* [ACTIVITY]: All lines from the one that contains "目前上升趋势在1.0609应" to the end of the data must be retyped exactly. Pictures are not retyped.

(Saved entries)
※
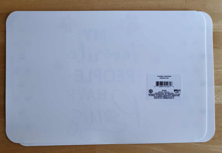 PURRfect for a pet food area or outdoor table, cleanup will be a breeze with these vinyl placemats. Pet collar image dangles from the final "S" in Paws. Each measures about 11.25" x 17".
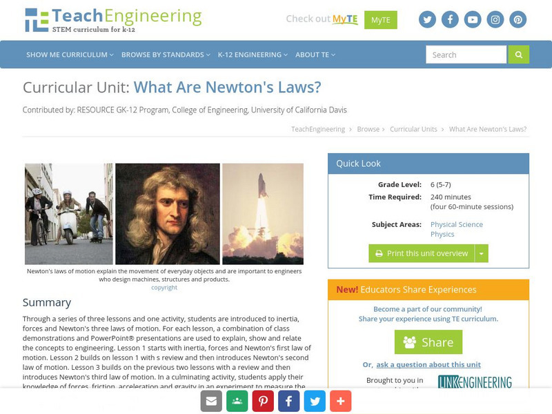 [Free Registration/Login may be required to access all resource tools.] Apply mathematic equations to determine the effects of forces on objects as well as the law of inertia.
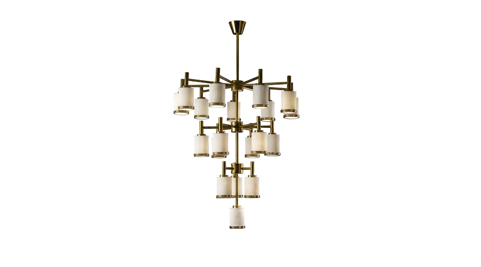 Konstrukcja z mosiądzu, ułożona w trzy poziomy i wyposażona w 19 żarówek osłoniętych cylindrycznymi kloszami z porcelany, sprawia, że żyrandol jest idealny do stworzenia retro-chic atmosfery w eleganckim wnętrzu.
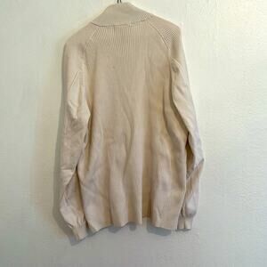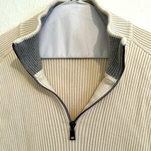 INC Cream With Gray Collar Lining Long Sleeve 1/4 Zip Rib Knit Sweater Size XL
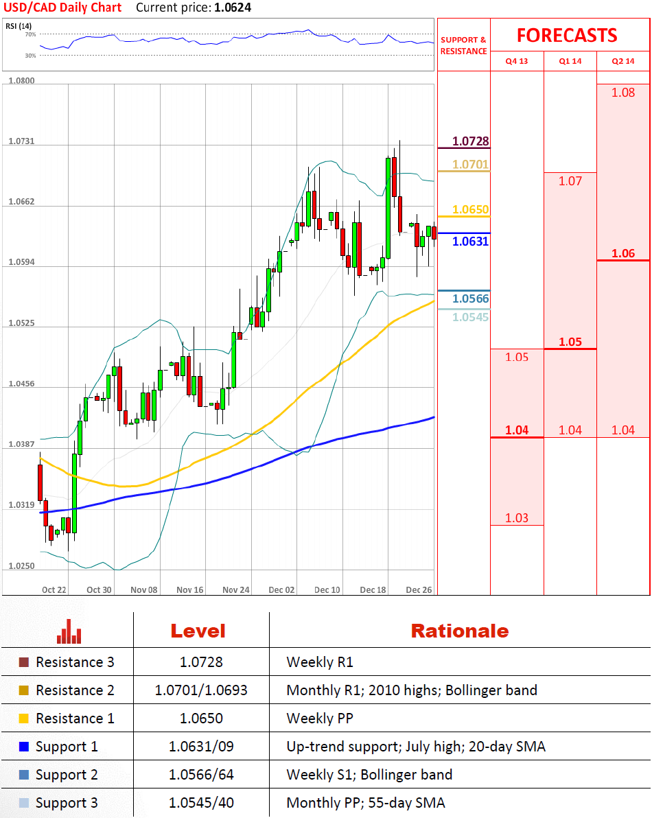 目前上升趋势在1.0609应付卖出压力,意味着货币对可能仍然开始另一个攻击在2010年高点1.0701/1.0693。万一这种重要的阻力位屈服,美元兑加元将更有可能维持看涨通道直到它遇到长期(连接峰值直到2012年9月)阻力线1.0923。
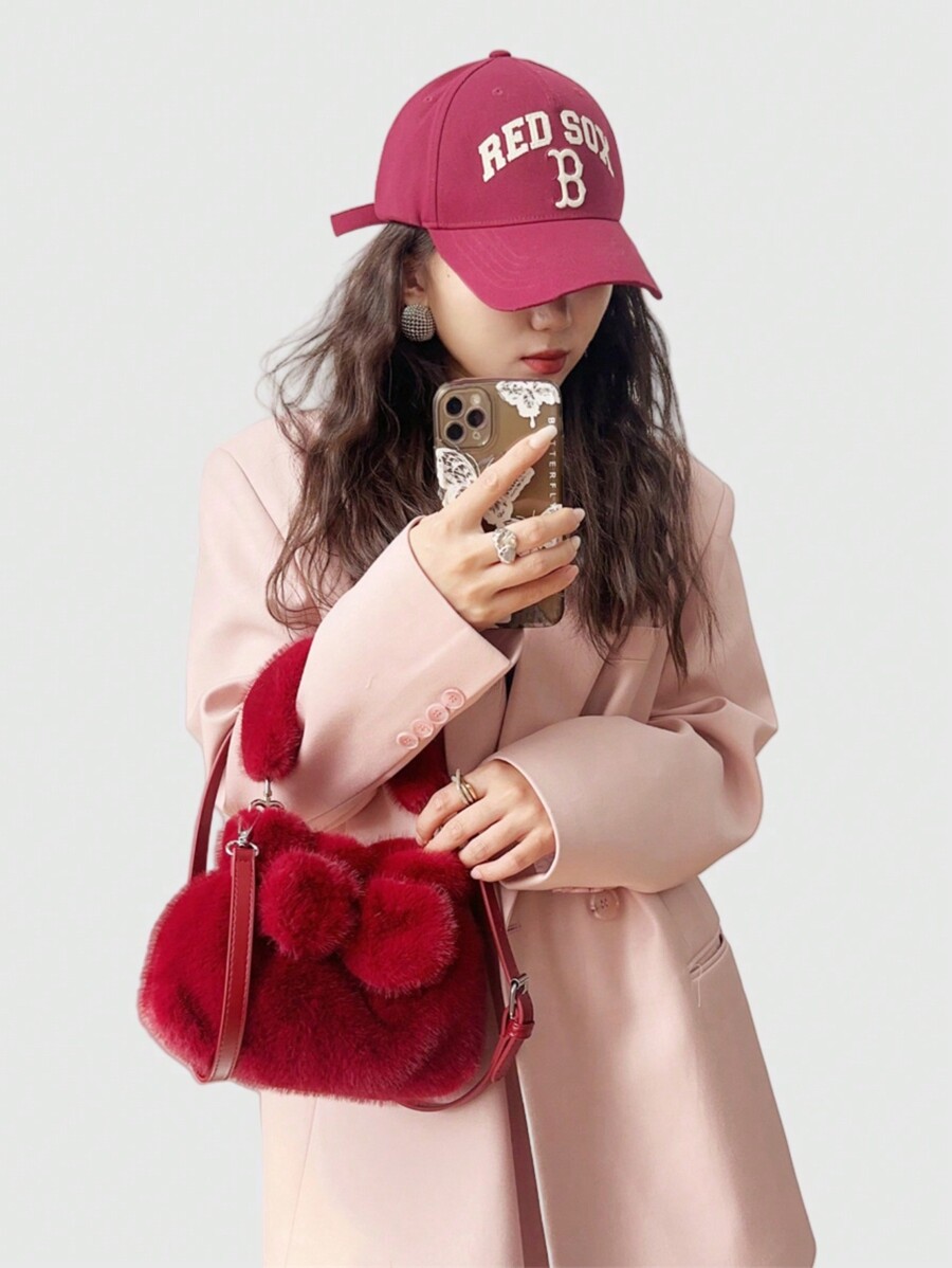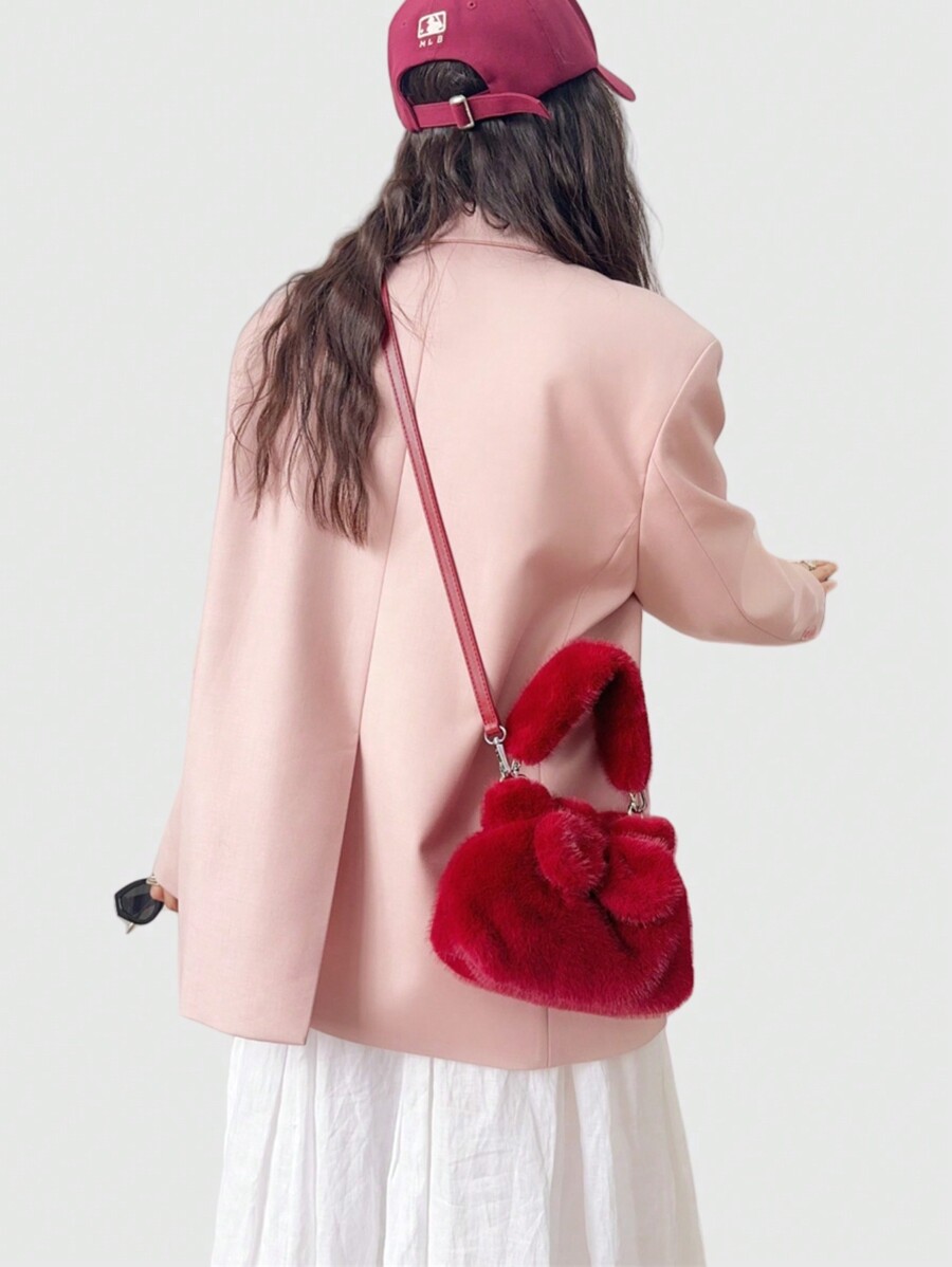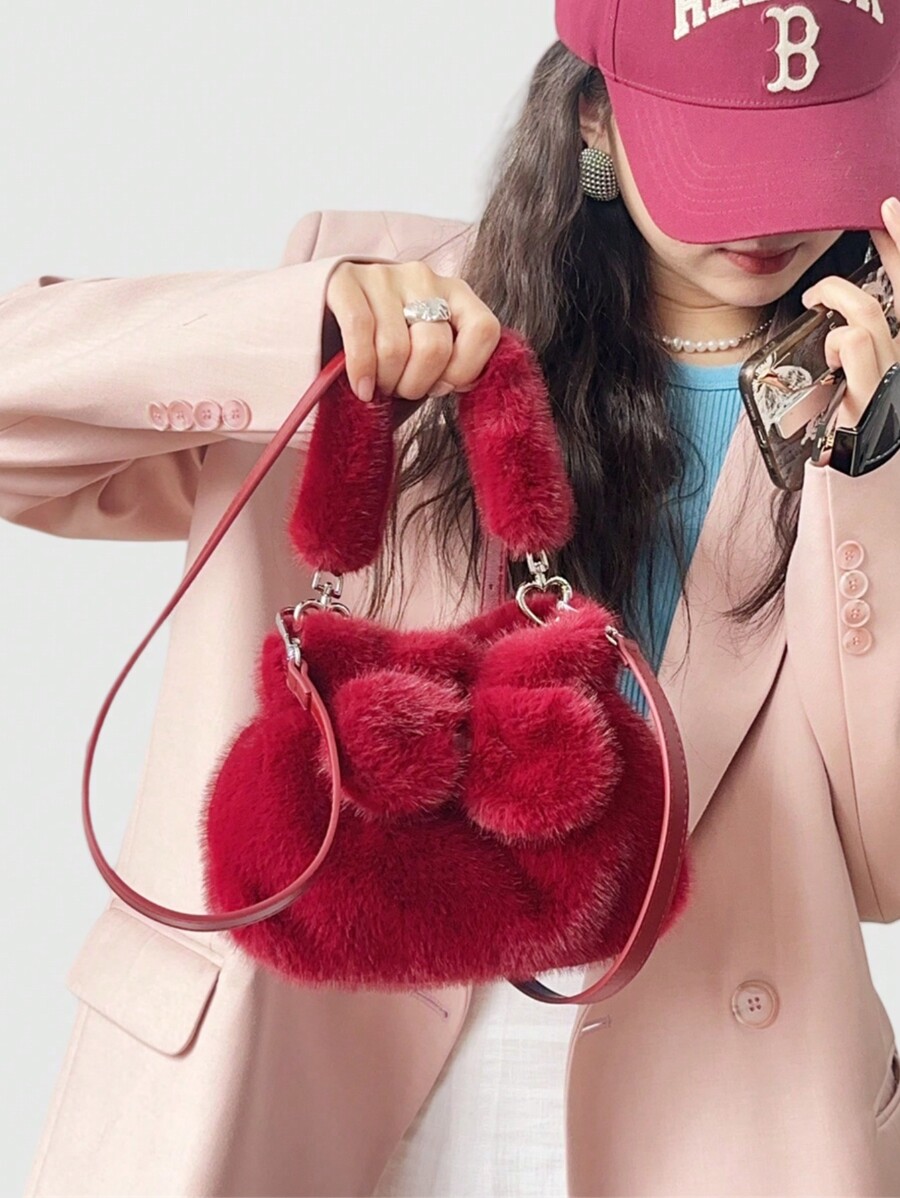 Kawaii حقيبة كتف نسائية عصرية ذات لون أحادي بشكل فراشة مبطن، شكل دلو أنيق وعادي للخريف والشتاء
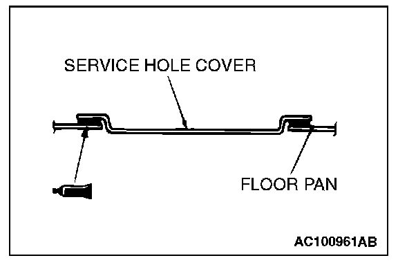 7. Apply the specified sealant to the contact surfaces of the service hole cover and the floor pan, and install the service hole cover.
※
* [COMPLETED TASK]:
 目前上升趋势在1.0609应付卖出压力,意味着货币对可能仍然开始另一个攻击在2010年高点1.0701/1.0693。万一这种重要的阻力位屈服,美元兑加元将更有可能维持看涨通道直到它遇到长期(连接峰值直到2012年9月)阻力线1.0923。
 Kawaii حقيبة كتف نسائية عصرية ذات لون أحادي بشكل فراشة مبطن، شكل دلو أنيق وعادي للخريف والشتاء
 7. Apply the specified sealant to the contact surfaces of the service hole cover and the floor pan, and install the service hole cover.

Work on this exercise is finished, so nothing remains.